Individual maize chromosomes in the C(3) plant oat can increase bundle sheath cell size and vein density

Abstract

C(4) photosynthesis has evolved in at least 66 lineages within the angiosperms and involves alterations to the biochemistry, cell biology, and development of leaves. The characteristic "Kranz" anatomy of most C(4) leaves was discovered in the 1890s, but the genetic basis of these traits remains poorly defined. Oat × maize addition lines allow the effects of individual maize (Zea mays; C(4)) chromosomes to be investigated in an oat (Avena sativa; C(3)) genetic background. Here, we have determined the extent to which maize chromosomes can introduce C(4) characteristics into oat and have associated any C(4)-like changes with specific maize chromosomes. While there is no indication of a simultaneous change to C(4) biochemistry, leaf anatomy, and ultrastructure in any of the oat × maize addition lines, the C(3) oat leaf can be modified at multiple levels. Maize genes encoding phosphoenolpyruvate carboxylase, pyruvate, orthophosphate dikinase, and the 2'-oxoglutarate/malate transporter are expressed in oat and generate transcripts of the correct size. Three maize chromosomes independently cause increases in vein density, and maize chromosome 3 results in larger bundle sheath cells with increased cell wall lipid deposition in oat leaves. These data provide proof of principle that aspects of C(4) biology could be integrated into leaves of C(3) crops.

Figure 1.

Alterations to leaf morphology in OMA lines. A and B, Distance between adjacent veins (A) and number of palisade M cells separating adjacent vascular bundles (B). C and D, PBS cell cross-sectional area (C) and PBS-M cross-sectional area ratio (D) in maize, oat, and OMA leaves. Results are expressed as means ± se of three biological replicates with a minimum of 10 measurements per leaf. Starred results are statistically significant relative to oat controls (P < 0.01).

Figure 2.

Maize chromosome 3 causes lipid deposition in oat PBS cell walls. Fluorescence (A–C) and TEM (D–F) images of transverse sections of maize (A and D), oat (sun II; B and E), and OMA 3.01 (C and F) leaves are shown. Lipid detection was carried out by staining sections with Nile red (A–C). Suberin detection was by TEM (D–F). Asterisks indicate MS. In TEM images, arrows indicate suberin layers. Bars = 20 μm (A–C) and 500 nm (D–F).

Figure 3.

Photosynthetic assimilation rates are largely unchanged by maize chromosomal introduction. Light-saturated photosynthetic assimilation rates (A) over a range of leaf intercellular CO₂ concentrations (Ci) for leaves of maize, oat, and OMA lines are shown. Each panel represents mean assimilation rates of maize and wild-type oat or chromosomal means of OMA lines. Results are expressed as means of at least three biological replicates ± se.

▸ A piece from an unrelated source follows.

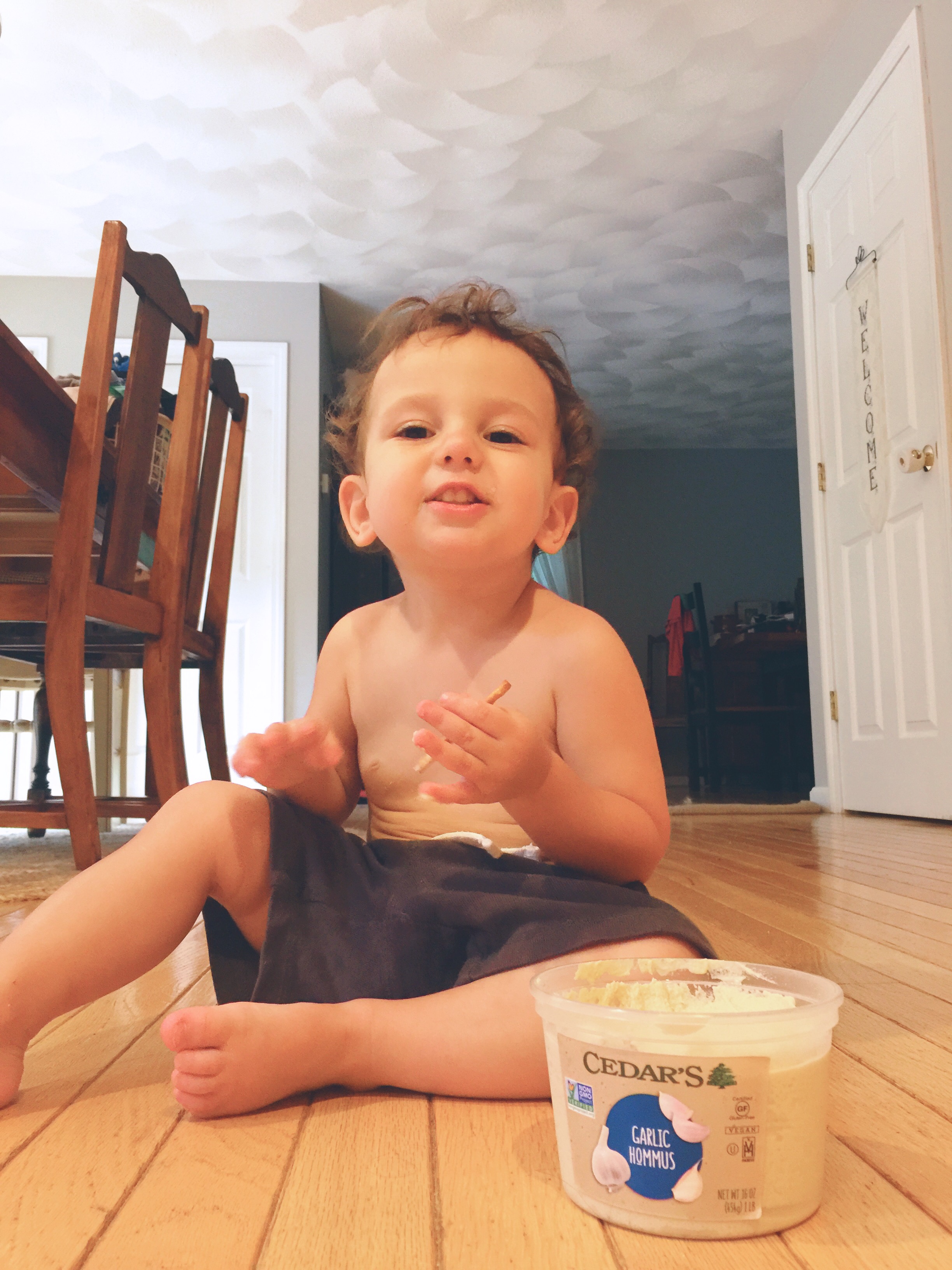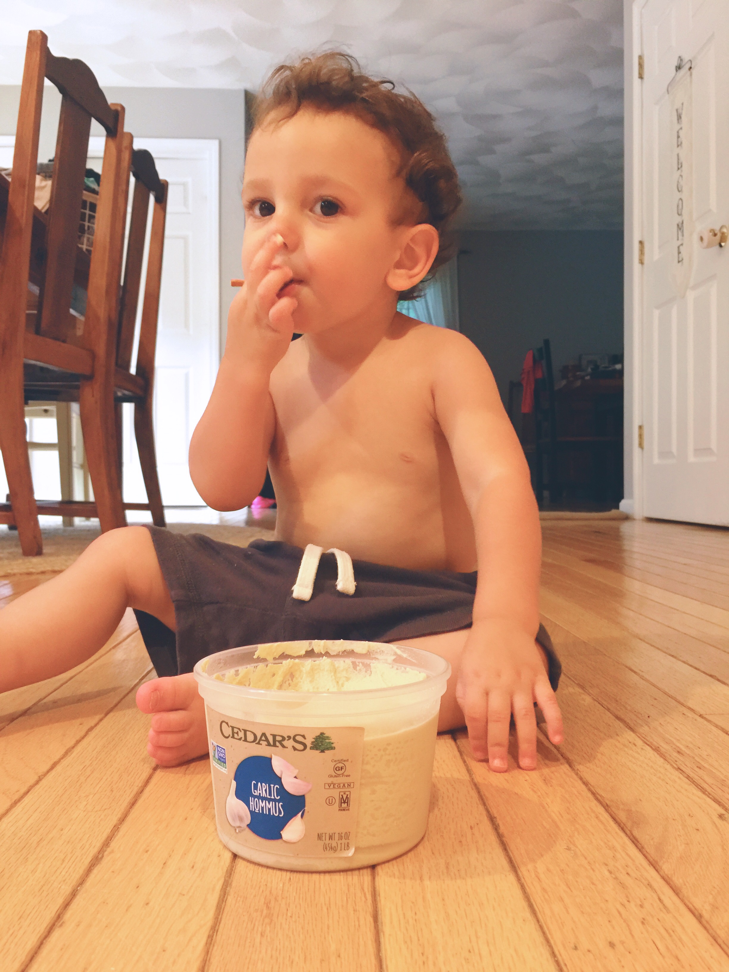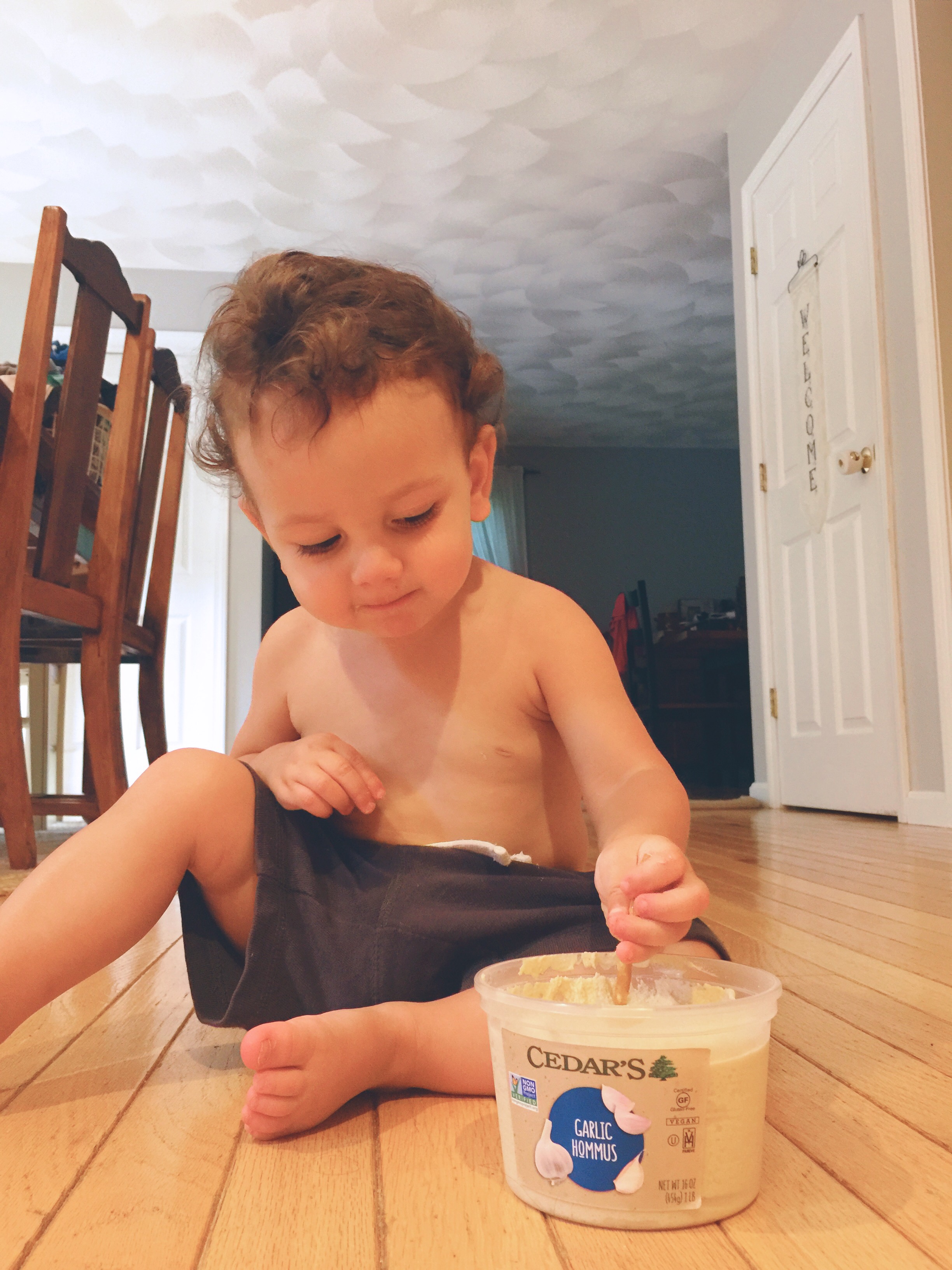 Speaking of Beckett, this little boy has hit the toddler picky eating phase. It is so hard to get food into this boy lately!! It’s frustrating because he used to be such a great eater and now I’m constantly worried that he’s not getting enough calories throughout the day. Yesterday he sat down and ate about 30 mini pretzel sticks with hummus. Yay!!

Measurements were taken at 25°C, leaf vapor pressure deficit of less than 1.5 kPa, and PFD of 1,500 μmol m⁻² s⁻¹.

Figure 4.

Photosynthetic light responses are largely unchanged by maize chromosomal introduction. Photosynthetic assimilation rates (A) over a range of light intensities at ambient CO₂ for leaves of maize, oat, and OMA lines are shown. Each panel represents mean assimilation rates of maize and wild-type oat or chromosomal means of OMA lines. Results are expressed as means of at least three biological replicates ± se. Measurements were taken at 25°C, leaf vapor pressure deficit of less than 1.5 kPa, and [CO₂] of 380 µL L^–1.

Figure 5.

Detection of maize-derived transcripts associated with C₄ photosynthesis in leaves of OMA plants. Total RNA was isolated from mature leaves of OMA plants and resolved on a 1.2% agarose-formaldehyde gel. RNA (10 µg per lane) was hybridized with a radiolabeled maize probe for the transcript of interest. RNA from maize, oat, and an OMA line with a different maize chromosome were probed as controls. rRNA (25S) from the gel used for blotting stained with ethidium bromide is shown as a loading control below each blot. Transcripts detected with maize-specific ZmCA2 (2.0 kb), ZmDCT2 (1.9 kb), ZmMDH6 (1.5 kb), ZmDCT1 (2.1 kb), ZmME1 (2.2 kb), ZmPPDK (3.5 kb), ZmPEPC1 (3.2 kb), and ZmOMT1 (1.9 kb) probes were of the expected sizes.

Figure 6.

Thylakoid stacking in grana of oat PBS cells is unchanged by maize chromosomal introduction. Numbers of thylakoid stacks per granum in M (A) and bundle sheath chloroplasts (B) in maize, oat, and OMA leaves are shown. Results are expressed as means ± se of three biological replicates with a minimum of 10 measurements per leaf. Starred results are statistically significant relative to oat controls (P < 0.01).